— What is being asked —
The entries below should be set down again exactly, with every picture left out.

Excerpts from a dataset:

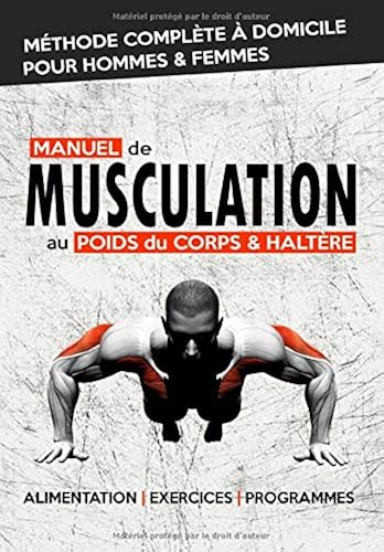 [AVERTISSEMENT de L'AUTEUR] Ce livre pour homme et femme en UN SEUL volume reste en vente, MAIS a été remplacé par une version homme et une version femme dissociée dans un soucis pédagogique. Le contenu reste globalement identique, mais a été optimisé sur le fond et la forme. Le manuel #Homme est déjà disponible sur Amazon et le manuel #Femme le sera prochainement. Titre des livres à copier/coller dans la zone recherche d'Amazon: ou cliquez sur la page auteur.• Manuel de Musculation à Domicile #Homme : Méthode de Nutrition et d'Entrainement Poids du Corps & Haltère• Manuel de Musculation à Domicile #Femme : Méthode de Nutrition et d'Entrainement Poids du Corps & Haltère*********************************************************************************L'objectif majeur de ce livre de musculation pour débutant est de vous fournir TOUT ce qui est fondamental de connaitre en musculation y compris en dépêtrant le vrai du faux. Ce livre de musculation pour homme et femme est synthétique pour faciliter la compréhension mais tout ce qui est utile à l'hypertrophie y est.Le but secondaire est de vous proposer une méthode générique et personnalisable qui combine le meilleur du poids du corps et de la fonte de façon à pratiquer chez soi sans se ruiner en matériel (paire d'haltère, barre de traction et station à dips).- La musculation au poids du corps est naturelle et super intuitive mais trouve ses limites à un moment donné pour réussir à adapter le principe fondamental de surcharge progressive.- La musculation avec haltères en fonte fait appel aux muscles stabilisateurs et s’adaptent parfaitement à la progression mais nécessitent beaucoup de lest et un banc. En piochant dans le meilleur de ces deux mondes, on obtient une méthode de musculation à domicile, mais aussi transposable en salle de fitness via des adaptations mineures.VOUS Y TROUVEREZ (ENTRE AUTRES) : • Les grands principes et techniques d'entrainement de base y compris les exercices à pratiquer, le nombre de séries et de répétitions, les temps de repos, amplitudes... mais aussi les techniques anti-stagnation.• De solides notions d'anatomie avec illustrations pour être en mesure d'en tirer des conclusions.• Comment éviter les blessures en fonction de votre morpho-anatomie.• La vérité sur le dopage et votre niveau musculaire atteignable de façon naturelle.• Les stratégies de progression globale, pour développer un point faible, stratégie muscle par muscle selon sa génétique. • Tout sur l'alimentation pour le muscle ! Que ce soit les bases théoriques, la prise de muscle ou la perte de masse grasse, comment vous constituer une diète personnalisée et même un exemple de plan alimentaire modulable à suivre.• Les compléments alimentaires pertinents en fitness/santé.• Des exercices de musculation, d'échauffement et de souplesse détaillés avec illustrations et pouvant être pratiqués à la maison sans matériel.• Des programmes de musculation simples et efficace du niveau débutant au niveau confirmé via un exemple d'utilisation cohérente du Full Body, Half Body et du Split.• Un programme de remise en forme et perte de poids et de conservation des acquis musculaires. • Un programme de cardio-training en endurance pour aider à obtenir une condition physique complète tel un boxeur.• Des astuces motivation et d'optimisation du mental pour réussir à persévérer sur la durée et atteindre vos objectifs.• Une FAQ de 14 pages sans langue de bois pour tordre le cou aux "mythes et légendes" encore trop présent dans le monde du fitness.Finalement, ce guide de musculation à domicile avec peu de matériel est destiné aux hommes et femmes motivés qui souhaitent des résultats notables et rapides tout en ciblant le meilleur ratio en temps/effort.
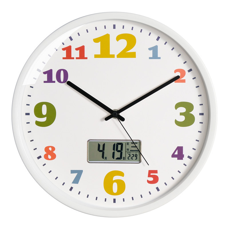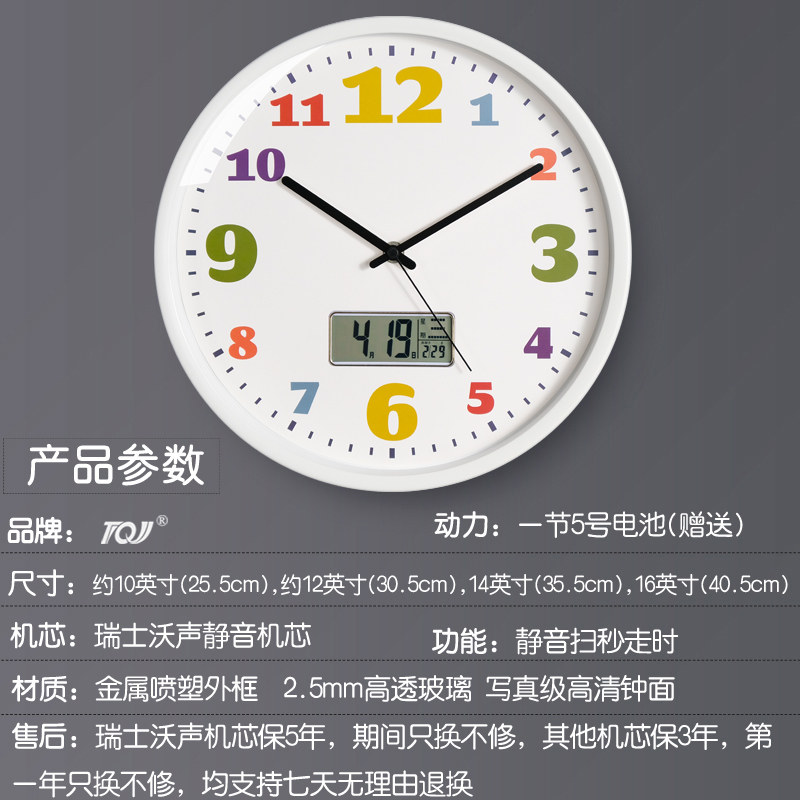 教室静音挂钟万年日历温湿度学生时尚 时钟表挂墙儿童房卡通电波钟
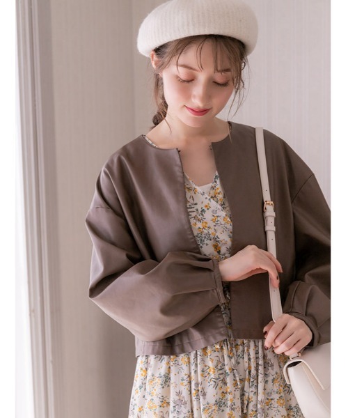 すっきりとしたデザインが魅力のフェイクレザージャケット ノーカラーですっきりと仕上げたフェイクレザージャケット。袖口にタックを入れた丸みのある袖デザインが、女性らしい雰囲気を演出します。短めの着丈なのでパンツにもスカートにも合わせやすく、ワンピースともバランス良くスタイリングできるアイテムです。 ※撮影時のライティング、PCやスマートフォンの環境により写真の色味が実際の商品と異なって見える場合がございます。ご了承の上お買い求め下さいませ。 ※モデル着用画像は実際の色と多少異なる場合がございますのでマネキン画像をご確認ください。 《 お知らせ 》 ▼商品のお気に入り登録 お気に入りアイテムの値下げ・再入荷・在庫1点などの通知を受け取ることができます。 ▼ブランドのお気に入り登録 新商品や再入荷、セール、クーポン配布などお得な情報を受け取ることができます。
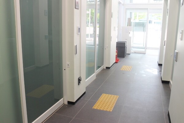 1층 주출입문은 터치식자동문 1곳으로 앞바닥에 점자블록이 설치돼 있어 휠체어를 사용하는 장애인이 불편을 겪을 것으로 보였다. 터치식자동문이나 자동문 2곳을 설치하고, 한곳의 앞바닥에 점자블록을 설치하면 모두 불편 없이 이용할 수 있다.
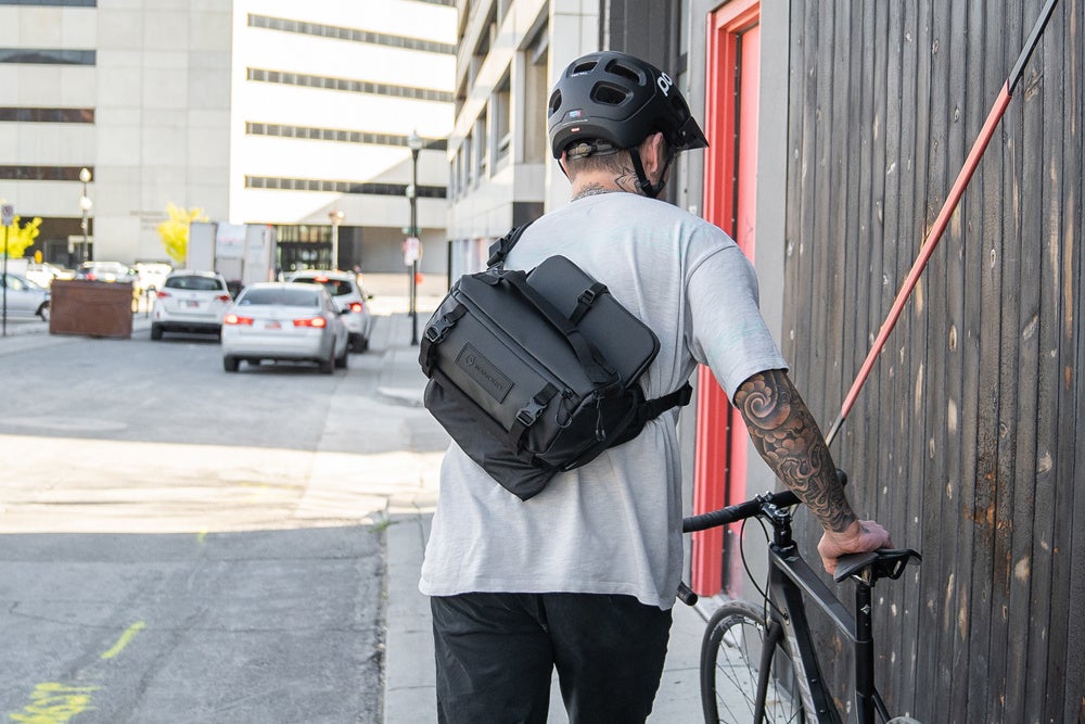 ロームスリング(9L、6L)には、ワンダードのラップトップケースをセッティングし、持ち運ぶことができます。
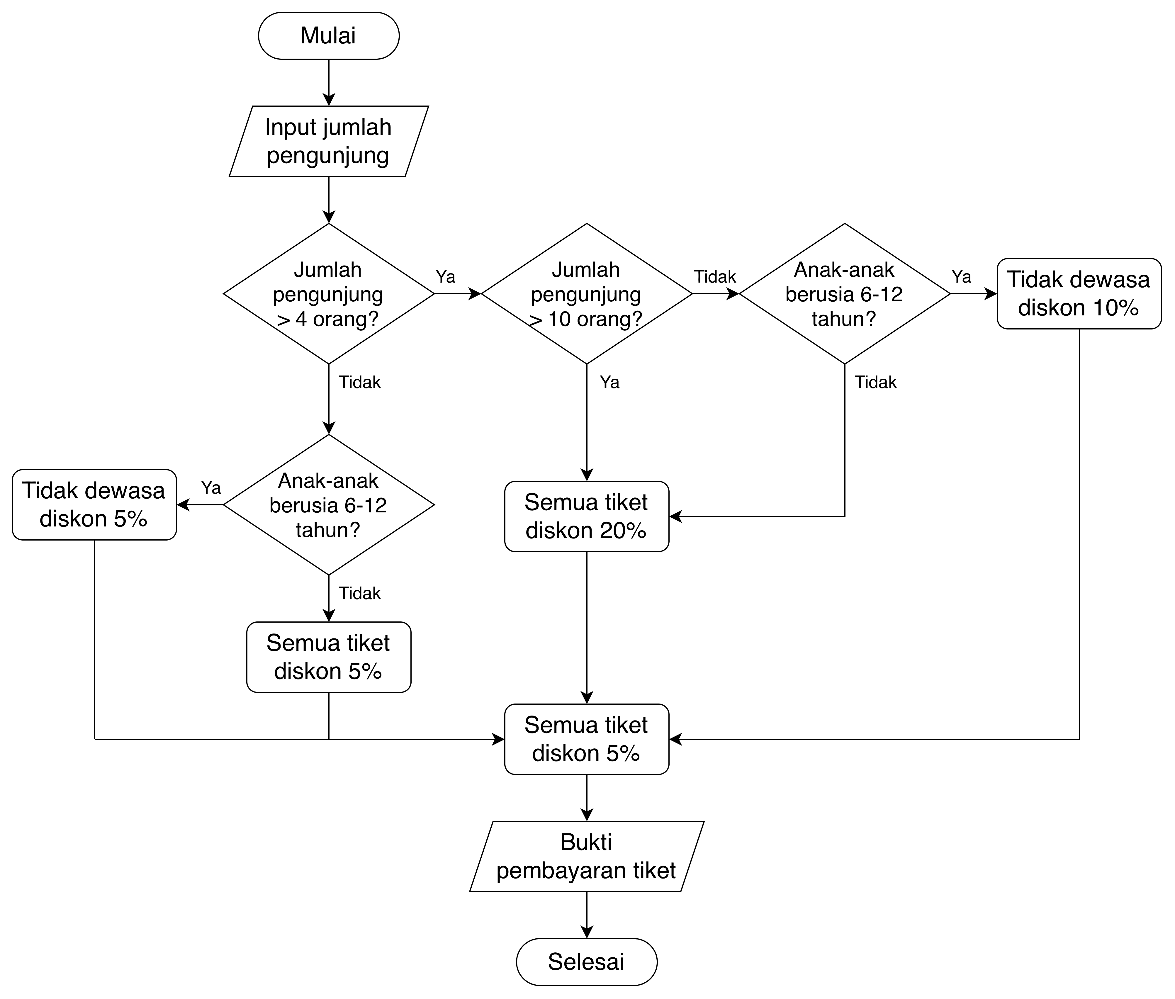Dalam rangka menarik pengunjung, suatu taman bermain di Kota Khayangan melakukan promosi dengan memberikan beberapa diskon (lihat diagram alir). Setiap hari 50% pengunjung adalah orang dewasa. Informasi mengenai jumlah pengunjung dalam 3 hari di akhir pekan disajikan pada tabel berikut.

— Task response —
 [AVERTISSEMENT de L'AUTEUR] Ce livre pour homme et femme en UN SEUL volume reste en vente, MAIS a été remplacé par une version homme et une version femme dissociée dans un soucis pédagogique. Le contenu reste globalement identique, mais a été optimisé sur le fond et la forme. Le manuel #Homme est déjà disponible sur Amazon et le manuel #Femme le sera prochainement. Titre des livres à copier/coller dans la zone recherche d'Amazon: ou cliquez sur la page auteur.• Manuel de Musculation à Domicile #Homme : Méthode de Nutrition et d'Entrainement Poids du Corps & Haltère• Manuel de Musculation à Domicile #Femme : Méthode de Nutrition et d'Entrainement Poids du Corps & Haltère*********************************************************************************L'objectif majeur de ce livre de musculation pour débutant est de vous fournir TOUT ce qui est fondamental de connaitre en musculation y compris en dépêtrant le vrai du faux. Ce livre de musculation pour homme et femme est synthétique pour faciliter la compréhension mais tout ce qui est utile à l'hypertrophie y est.Le but secondaire est de vous proposer une méthode générique et personnalisable qui combine le meilleur du poids du corps et de la fonte de façon à pratiquer chez soi sans se ruiner en matériel (paire d'haltère, barre de traction et station à dips).- La musculation au poids du corps est naturelle et super intuitive mais trouve ses limites à un moment donné pour réussir à adapter le principe fondamental de surcharge progressive.- La musculation avec haltères en fonte fait appel aux muscles stabilisateurs et s’adaptent parfaitement à la progression mais nécessitent beaucoup de lest et un banc. En piochant dans le meilleur de ces deux mondes, on obtient une méthode de musculation à domicile, mais aussi transposable en salle de fitness via des adaptations mineures.VOUS Y TROUVEREZ (ENTRE AUTRES) : • Les grands principes et techniques d'entrainement de base y compris les exercices à pratiquer, le nombre de séries et de répétitions, les temps de repos, amplitudes... mais aussi les techniques anti-stagnation.• De solides notions d'anatomie avec illustrations pour être en mesure d'en tirer des conclusions.• Comment éviter les blessures en fonction de votre morpho-anatomie.• La vérité sur le dopage et votre niveau musculaire atteignable de façon naturelle.• Les stratégies de progression globale, pour développer un point faible, stratégie muscle par muscle selon sa génétique. • Tout sur l'alimentation pour le muscle ! Que ce soit les bases théoriques, la prise de muscle ou la perte de masse grasse, comment vous constituer une diète personnalisée et même un exemple de plan alimentaire modulable à suivre.• Les compléments alimentaires pertinents en fitness/santé.• Des exercices de musculation, d'échauffement et de souplesse détaillés avec illustrations et pouvant être pratiqués à la maison sans matériel.• Des programmes de musculation simples et efficace du niveau débutant au niveau confirmé via un exemple d'utilisation cohérente du Full Body, Half Body et du Split.• Un programme de remise en forme et perte de poids et de conservation des acquis musculaires. • Un programme de cardio-training en endurance pour aider à obtenir une condition physique complète tel un boxeur.• Des astuces motivation et d'optimisation du mental pour réussir à persévérer sur la durée et atteindre vos objectifs.• Une FAQ de 14 pages sans langue de bois pour tordre le cou aux "mythes et légendes" encore trop présent dans le monde du fitness.Finalement, ce guide de musculation à domicile avec peu de matériel est destiné aux hommes et femmes motivés qui souhaitent des résultats notables et rapides tout en ciblant le meilleur ratio en temps/effort.
 教室静音挂钟万年日历温湿度学生时尚 时钟表挂墙儿童房卡通电波钟
 すっきりとしたデザインが魅力のフェイクレザージャケット ノーカラーですっきりと仕上げたフェイクレザージャケット。袖口にタックを入れた丸みのある袖デザインが、女性らしい雰囲気を演出します。短めの着丈なのでパンツにもスカートにも合わせやすく、ワンピースともバランス良くスタイリングできるアイテムです。 ※撮影時のライティング、PCやスマートフォンの環境により写真の色味が実際の商品と異なって見える場合がございます。ご了承の上お買い求め下さいませ。 ※モデル着用画像は実際の色と多少異なる場合がございますのでマネキン画像をご確認ください。 《 お知らせ 》 ▼商品のお気に入り登録 お気に入りアイテムの値下げ・再入荷・在庫1点などの通知を受け取ることができます。 ▼ブランドのお気に入り登録 新商品や再入荷、セール、クーポン配布などお得な情報を受け取ることができます。
 1층 주출입문은 터치식자동문 1곳으로 앞바닥에 점자블록이 설치돼 있어 휠체어를 사용하는 장애인이 불편을 겪을 것으로 보였다. 터치식자동문이나 자동문 2곳을 설치하고, 한곳의 앞바닥에 점자블록을 설치하면 모두 불편 없이 이용할 수 있다.
 ロームスリング(9L、6L)には、ワンダードのラップトップケースをセッティングし、持ち運ぶことができます。
Dalam rangka menarik pengunjung, suatu taman bermain di Kota Khayangan melakukan promosi dengan memberikan beberapa diskon (lihat diagram alir). Setiap hari 50% pengunjung adalah orang dewasa. Informasi mengenai jumlah pengunjung dalam 3 hari di akhir pekan disajikan pada tabel berikut.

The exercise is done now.